## PROBLEM REQUIREMENTS
The task for the listing below is to write out exactly the lines starting at the one containing "Эти уравнения будут" and ending at the one containing "Đây là bản xem", both included. Pictures are to be omitted.

## MATERIAL FOR THIS TASK
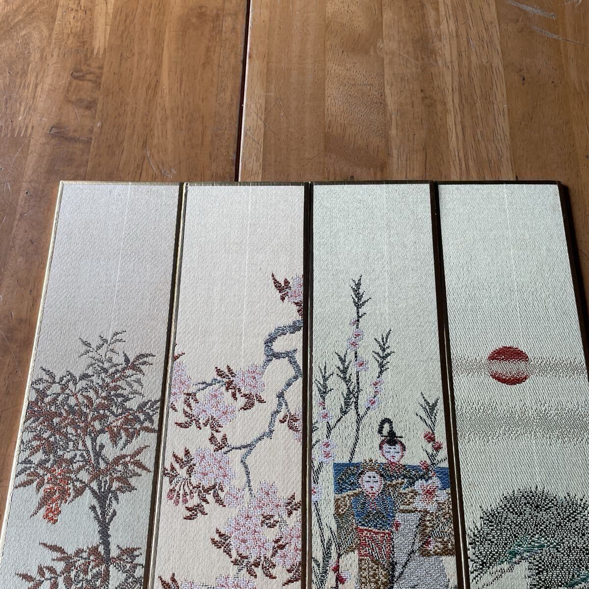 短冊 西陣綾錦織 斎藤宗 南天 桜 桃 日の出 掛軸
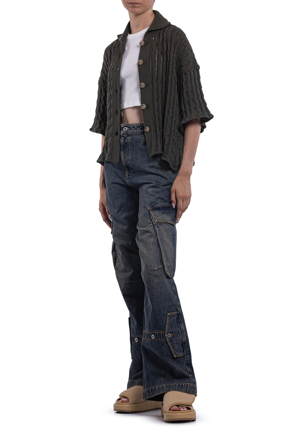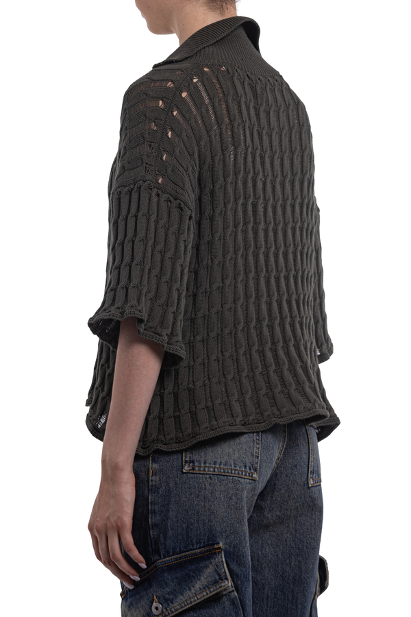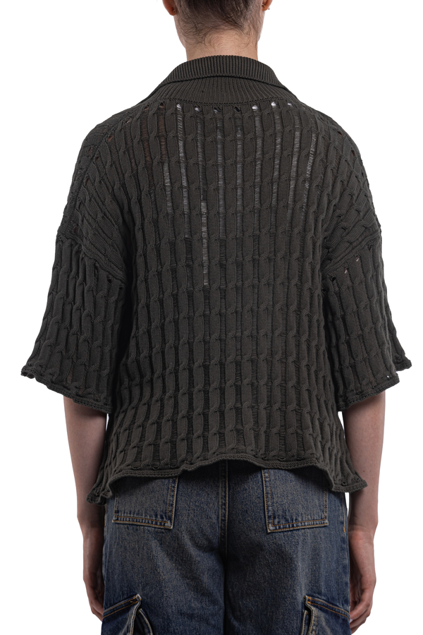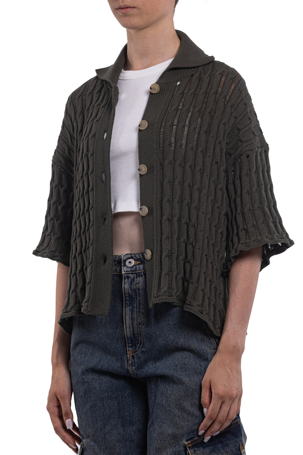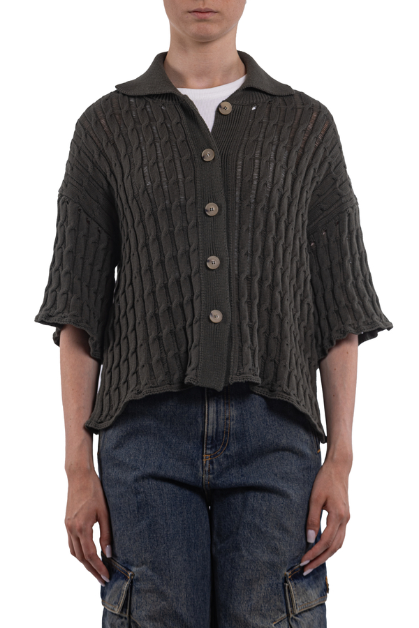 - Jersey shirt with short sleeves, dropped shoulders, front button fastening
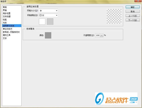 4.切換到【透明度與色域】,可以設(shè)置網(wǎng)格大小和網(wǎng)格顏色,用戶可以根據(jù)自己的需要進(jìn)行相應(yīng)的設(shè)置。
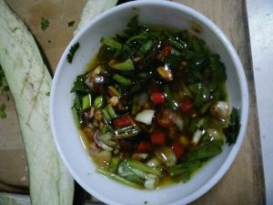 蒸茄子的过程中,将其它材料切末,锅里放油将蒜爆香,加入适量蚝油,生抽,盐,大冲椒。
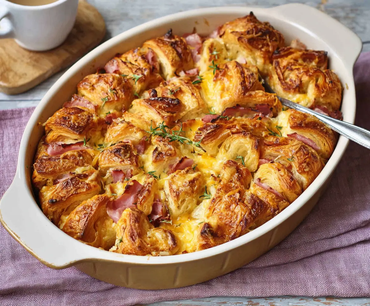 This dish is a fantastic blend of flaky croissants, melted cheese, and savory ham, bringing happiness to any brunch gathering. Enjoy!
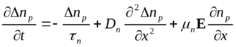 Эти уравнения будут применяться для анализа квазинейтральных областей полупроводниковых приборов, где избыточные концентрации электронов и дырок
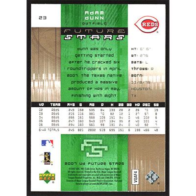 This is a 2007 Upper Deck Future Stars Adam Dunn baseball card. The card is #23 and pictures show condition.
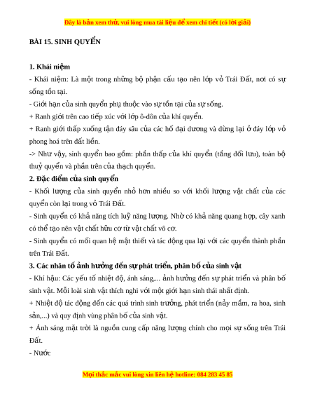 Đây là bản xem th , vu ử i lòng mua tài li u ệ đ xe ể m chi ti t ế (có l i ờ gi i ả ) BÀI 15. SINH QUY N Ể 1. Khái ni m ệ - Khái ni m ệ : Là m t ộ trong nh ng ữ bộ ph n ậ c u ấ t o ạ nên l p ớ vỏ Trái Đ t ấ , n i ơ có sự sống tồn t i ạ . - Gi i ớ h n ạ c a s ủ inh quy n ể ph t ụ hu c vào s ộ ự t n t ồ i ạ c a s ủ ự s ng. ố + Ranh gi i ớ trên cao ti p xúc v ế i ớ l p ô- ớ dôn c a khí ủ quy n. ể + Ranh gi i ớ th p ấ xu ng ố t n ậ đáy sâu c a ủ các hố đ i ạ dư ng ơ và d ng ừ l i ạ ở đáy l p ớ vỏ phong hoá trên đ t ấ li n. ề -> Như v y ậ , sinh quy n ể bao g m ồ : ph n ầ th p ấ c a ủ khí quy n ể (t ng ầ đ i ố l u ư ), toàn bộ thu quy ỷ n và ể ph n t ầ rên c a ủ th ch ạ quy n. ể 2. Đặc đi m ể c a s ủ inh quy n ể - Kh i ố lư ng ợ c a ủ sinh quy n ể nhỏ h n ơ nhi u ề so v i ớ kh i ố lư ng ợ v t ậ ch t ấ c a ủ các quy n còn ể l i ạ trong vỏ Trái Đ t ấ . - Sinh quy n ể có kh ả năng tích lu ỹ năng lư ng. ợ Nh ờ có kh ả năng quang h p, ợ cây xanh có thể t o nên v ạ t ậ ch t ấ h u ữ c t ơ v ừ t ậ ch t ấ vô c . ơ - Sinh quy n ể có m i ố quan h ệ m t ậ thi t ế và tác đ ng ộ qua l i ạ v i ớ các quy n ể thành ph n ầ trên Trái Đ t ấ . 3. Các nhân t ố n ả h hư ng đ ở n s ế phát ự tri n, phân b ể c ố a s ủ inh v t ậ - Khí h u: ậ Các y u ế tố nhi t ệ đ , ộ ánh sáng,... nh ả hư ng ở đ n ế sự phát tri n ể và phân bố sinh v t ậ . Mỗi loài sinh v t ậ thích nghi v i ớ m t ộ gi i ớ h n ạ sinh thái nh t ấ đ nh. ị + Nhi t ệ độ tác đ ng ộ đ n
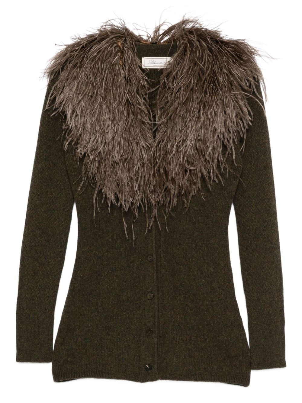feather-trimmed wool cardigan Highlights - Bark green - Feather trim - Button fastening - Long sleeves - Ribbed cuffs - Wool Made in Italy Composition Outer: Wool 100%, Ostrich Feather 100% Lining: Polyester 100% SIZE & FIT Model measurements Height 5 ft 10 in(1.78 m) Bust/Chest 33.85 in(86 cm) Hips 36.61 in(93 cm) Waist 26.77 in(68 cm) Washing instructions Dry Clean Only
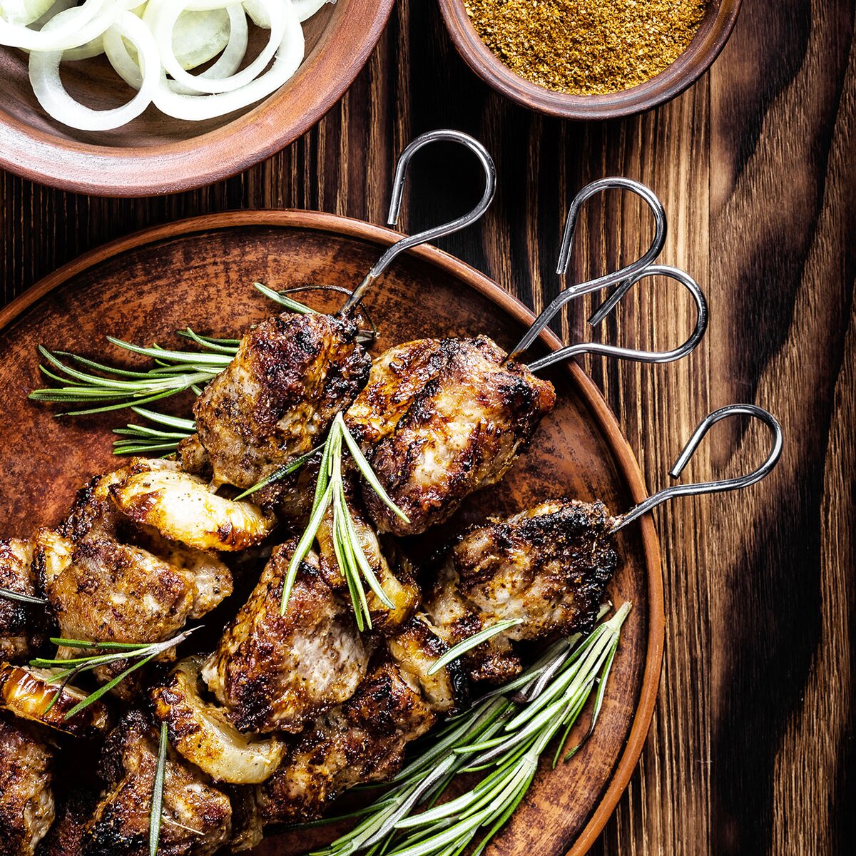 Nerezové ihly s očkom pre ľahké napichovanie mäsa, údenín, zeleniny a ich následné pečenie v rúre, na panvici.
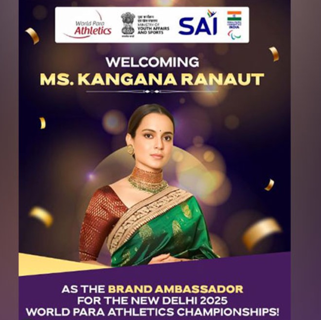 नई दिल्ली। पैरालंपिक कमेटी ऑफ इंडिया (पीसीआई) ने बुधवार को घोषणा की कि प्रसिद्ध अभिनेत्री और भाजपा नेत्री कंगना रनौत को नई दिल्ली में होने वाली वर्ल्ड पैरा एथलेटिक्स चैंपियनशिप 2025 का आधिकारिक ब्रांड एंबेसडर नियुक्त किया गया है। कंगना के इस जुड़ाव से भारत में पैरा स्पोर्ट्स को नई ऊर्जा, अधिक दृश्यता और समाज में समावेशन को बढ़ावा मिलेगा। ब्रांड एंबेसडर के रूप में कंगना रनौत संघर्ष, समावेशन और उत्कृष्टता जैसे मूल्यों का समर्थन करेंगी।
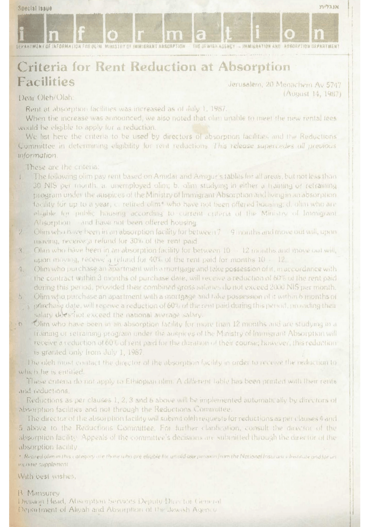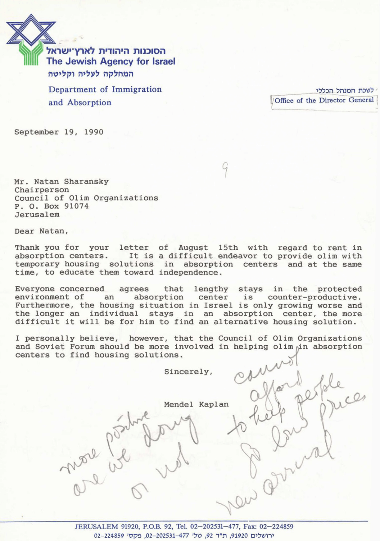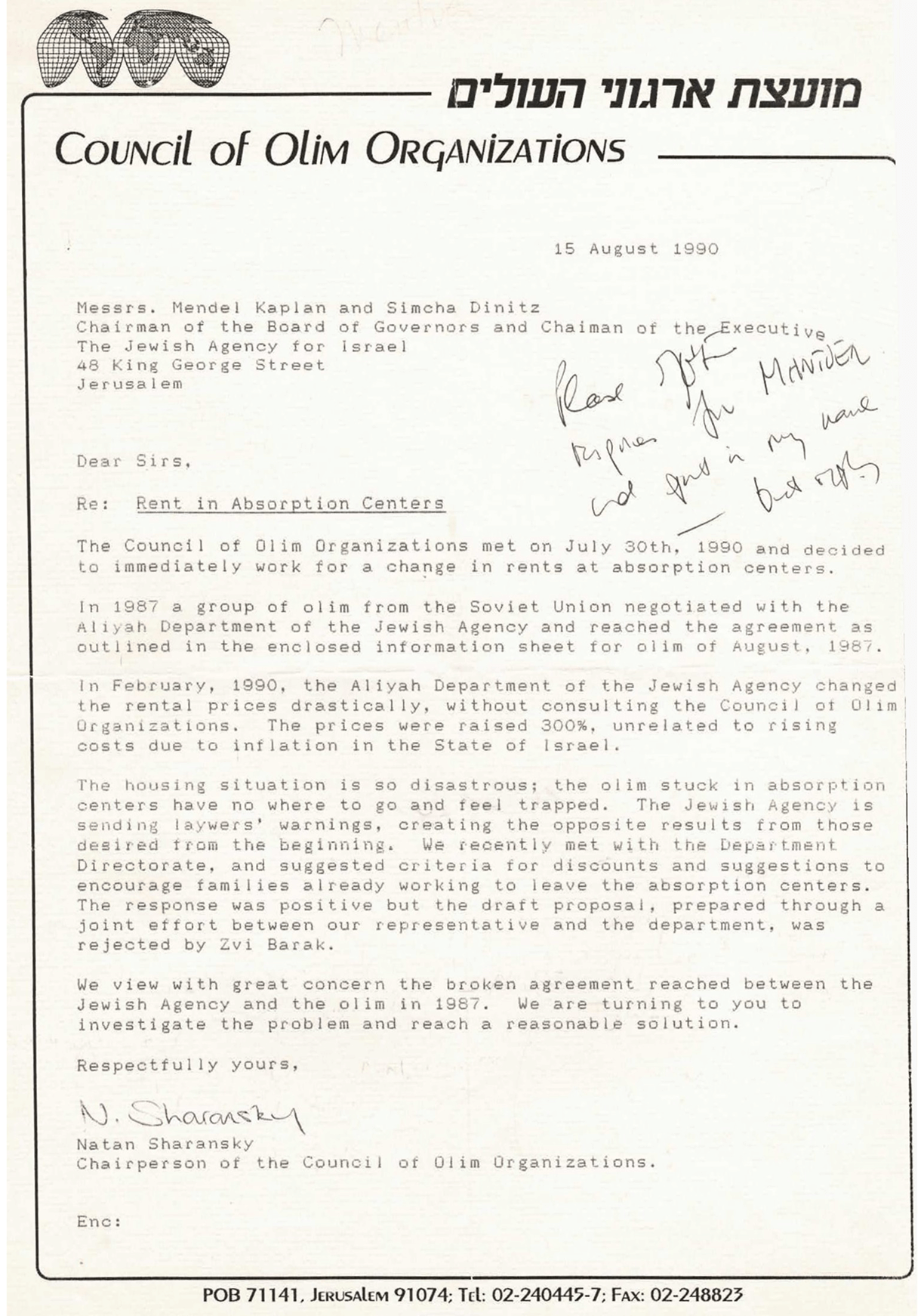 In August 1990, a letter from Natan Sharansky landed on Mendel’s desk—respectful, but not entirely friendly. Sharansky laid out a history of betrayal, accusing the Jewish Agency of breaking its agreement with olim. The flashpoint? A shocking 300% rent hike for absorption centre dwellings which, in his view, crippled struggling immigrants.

## SOLUTION TO THE EXERCISE
 Эти уравнения будут применяться для анализа квазинейтральных областей полупроводниковых приборов, где избыточные концентрации электронов и дырок
 This is a 2007 Upper Deck Future Stars Adam Dunn baseball card. The card is #23 and pictures show condition.
 Đây là bản xem th , vu ử i lòng mua tài li u ệ đ xe ể m chi ti t ế (có l i ờ gi i ả ) BÀI 15. SINH QUY N Ể 1. Khái ni m ệ - Khái ni m ệ : Là m t ộ trong nh ng ữ bộ ph n ậ c u ấ t o ạ nên l p ớ vỏ Trái Đ t ấ , n i ơ có sự sống tồn t i ạ . - Gi i ớ h n ạ c a s ủ inh quy n ể ph t ụ hu c vào s ộ ự t n t ồ i ạ c a s ủ ự s ng. ố + Ranh gi i ớ trên cao ti p xúc v ế i ớ l p ô- ớ dôn c a khí ủ quy n. ể + Ranh gi i ớ th p ấ xu ng ố t n ậ đáy sâu c a ủ các hố đ i ạ dư ng ơ và d ng ừ l i ạ ở đáy l p ớ vỏ phong hoá trên đ t ấ li n. ề -> Như v y ậ , sinh quy n ể bao g m ồ : ph n ầ th p ấ c a ủ khí quy n ể (t ng ầ đ i ố l u ư ), toàn bộ thu quy ỷ n và ể ph n t ầ rên c a ủ th ch ạ quy n. ể 2. Đặc đi m ể c a s ủ inh quy n ể - Kh i ố lư ng ợ c a ủ sinh quy n ể nhỏ h n ơ nhi u ề so v i ớ kh i ố lư ng ợ v t ậ ch t ấ c a ủ các quy n còn ể l i ạ trong vỏ Trái Đ t ấ . - Sinh quy n ể có kh ả năng tích lu ỹ năng lư ng. ợ Nh ờ có kh ả năng quang h p, ợ cây xanh có thể t o nên v ạ t ậ ch t ấ h u ữ c t ơ v ừ t ậ ch t ấ vô c . ơ - Sinh quy n ể có m i ố quan h ệ m t ậ thi t ế và tác đ ng ộ qua l i ạ v i ớ các quy n ể thành ph n ầ trên Trái Đ t ấ . 3. Các nhân t ố n ả h hư ng đ ở n s ế phát ự tri n, phân b ể c ố a s ủ inh v t ậ - Khí h u: ậ Các y u ế tố nhi t ệ đ , ộ ánh sáng,... nh ả hư ng ở đ n ế sự phát tri n ể và phân bố sinh v t ậ . Mỗi loài sinh v t ậ thích nghi v i ớ m t ộ gi i ớ h n ạ sinh thái nh t ấ đ nh. ị + Nhi t ệ độ tác đ ng ộ đ n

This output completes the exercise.